MC75A_LGThe SFPD is launching a pilot project to use mobile devices to for traffic citations, and collision reports, updating a long antiquated system of ticket books, according to Cmdr. Mikail Ali of the SFPD.

Beginning sometime in August, the department, in cooperation with the SFMTA, plans to purchase 70 devices that can record a traffic citation and collision reports on a mobile device, and issue a printed version via bluetooth, Ali said. The SFPD will also use the aggregated digitally collected citation data to make enforcement decisions.

The pilot program solves several difficulties with written citations and reports. Being able to read the citations is a common difficulty with the existing system, Ali said.

“It’s a problem with each and every police agency,” he said, “Some citations aren’t legible.”

The paperless system also allows officers to spend less time filing paperwork and more time on the streets.

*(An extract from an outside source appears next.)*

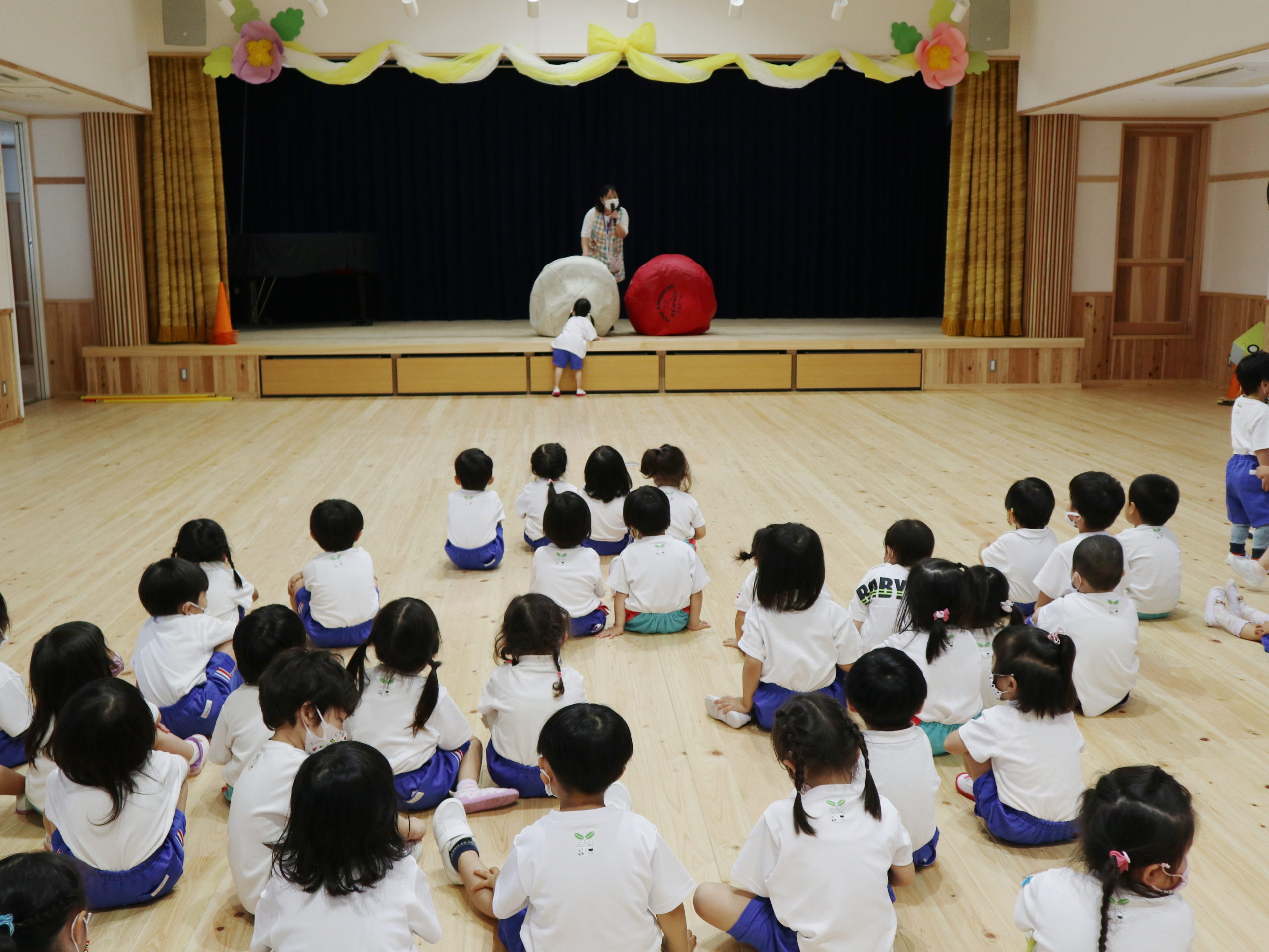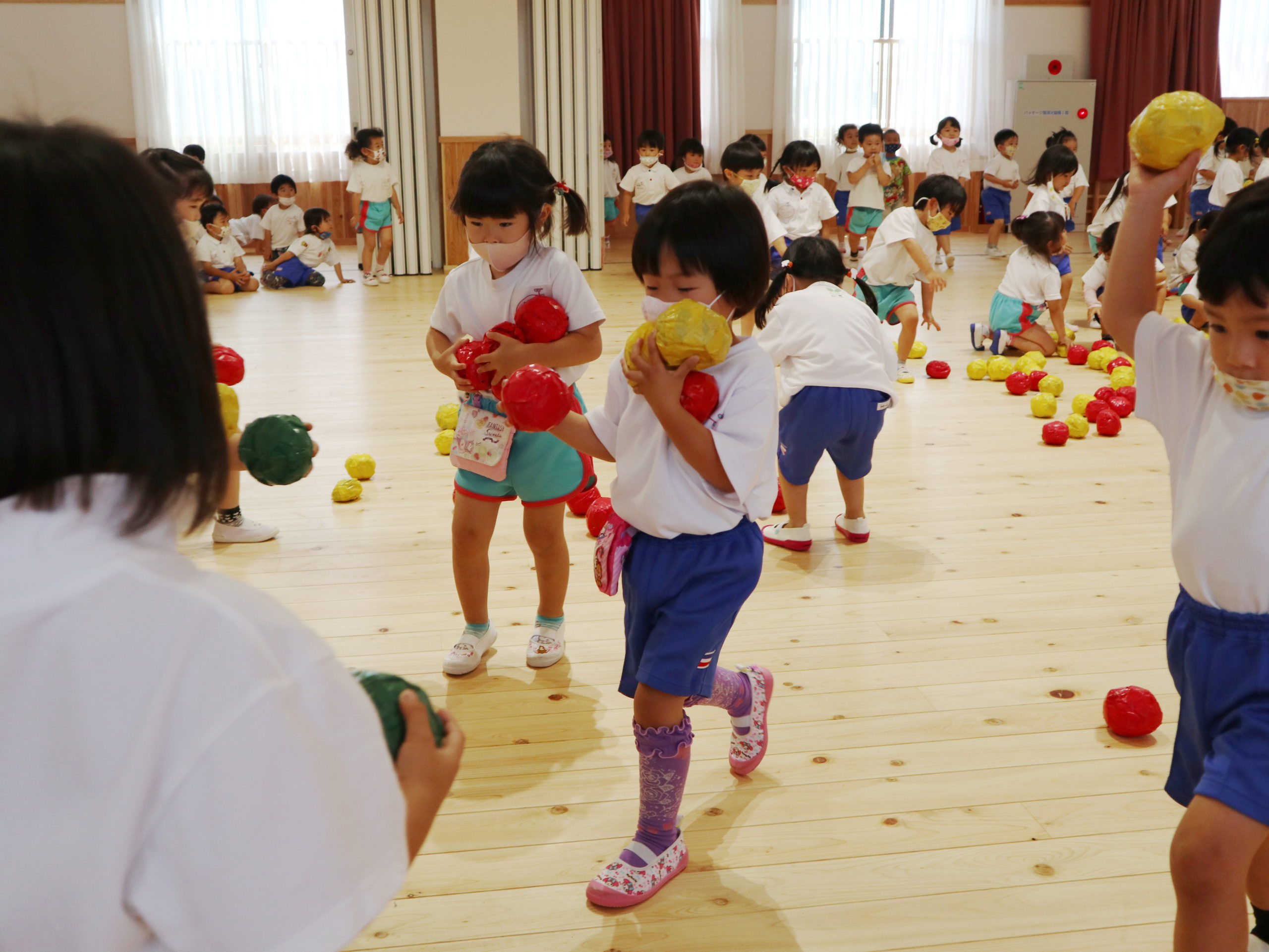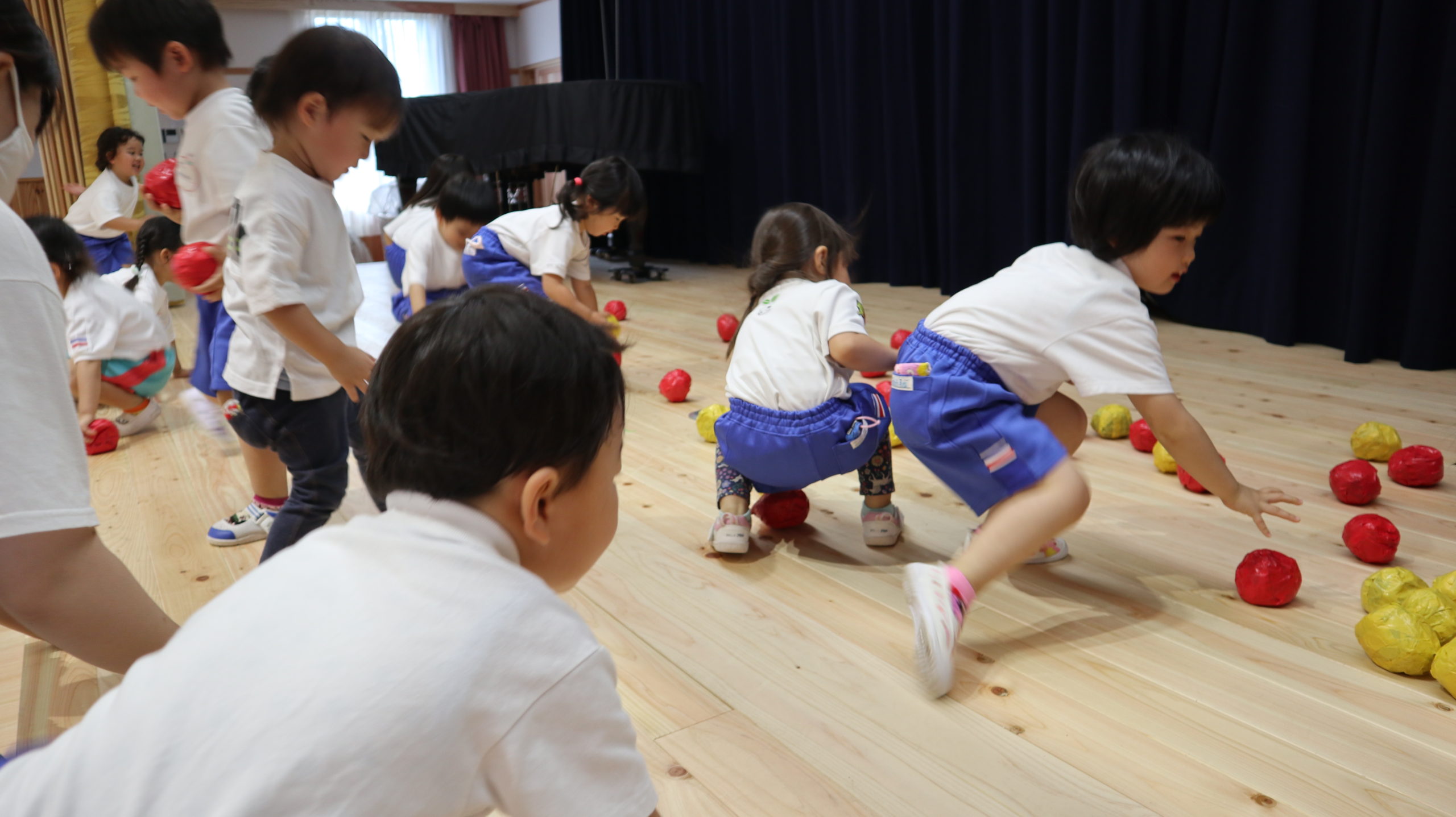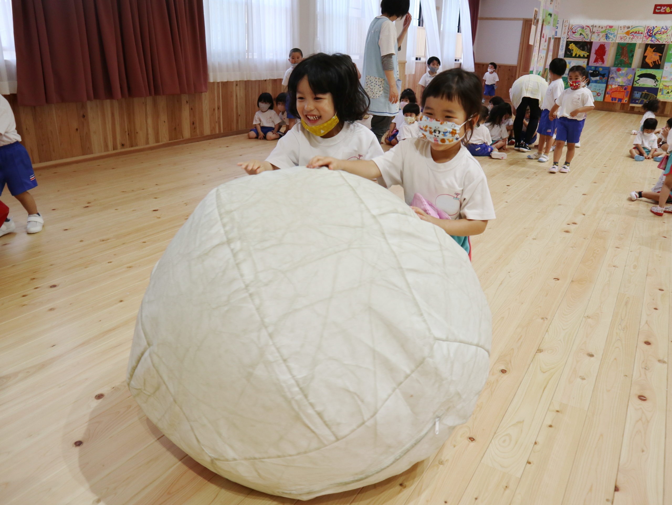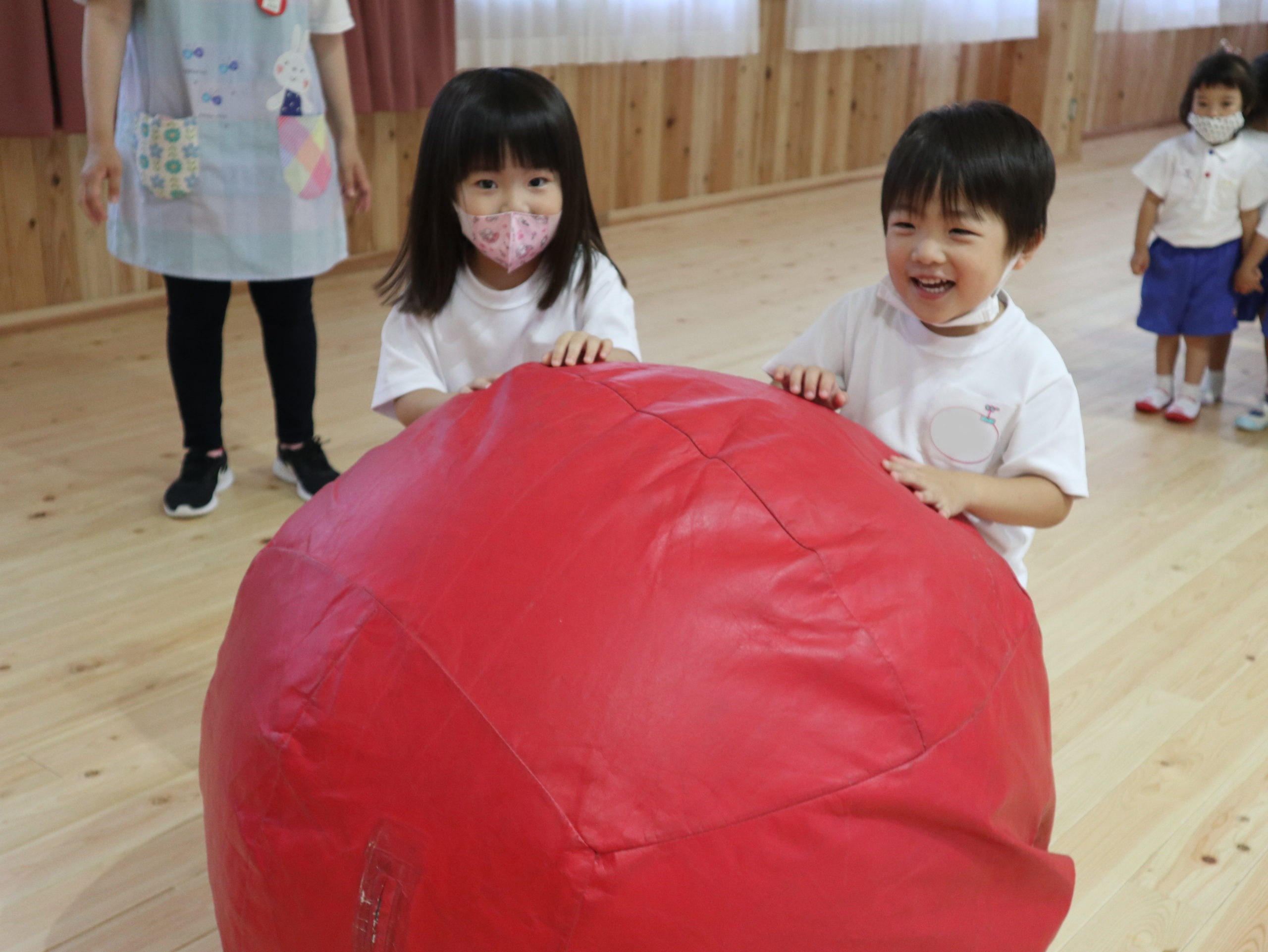 ようこ先生が紅白の大きな玉を「よいしょ よいしょ!」と転がしてきましたよ!

Using the new Motorola MC75A officers can complete collision reports in the field. In other cases, after bringing a device in from the field there would little if any further data entry work to complete a report or citation.

With some officers issuing as many as 15 citations in a shift, the devices will considerably ease the workload.

“It allows officers to be more efficient,” Ali said, “The whole process is smoother and more efficient.”

The SFPD also had several special requirements unlike many of the other cities Brea, California based Crossroads Software works with.

Jeff Cullen, Director of Software Development, told The Appeal that the Field Information card, or FI cards, were one such customization Crossroads made for San Francisco. Unlike many departments, for each citation and collision report the SFPD records demographic information – such as perceived race, age, and sex – onto a card.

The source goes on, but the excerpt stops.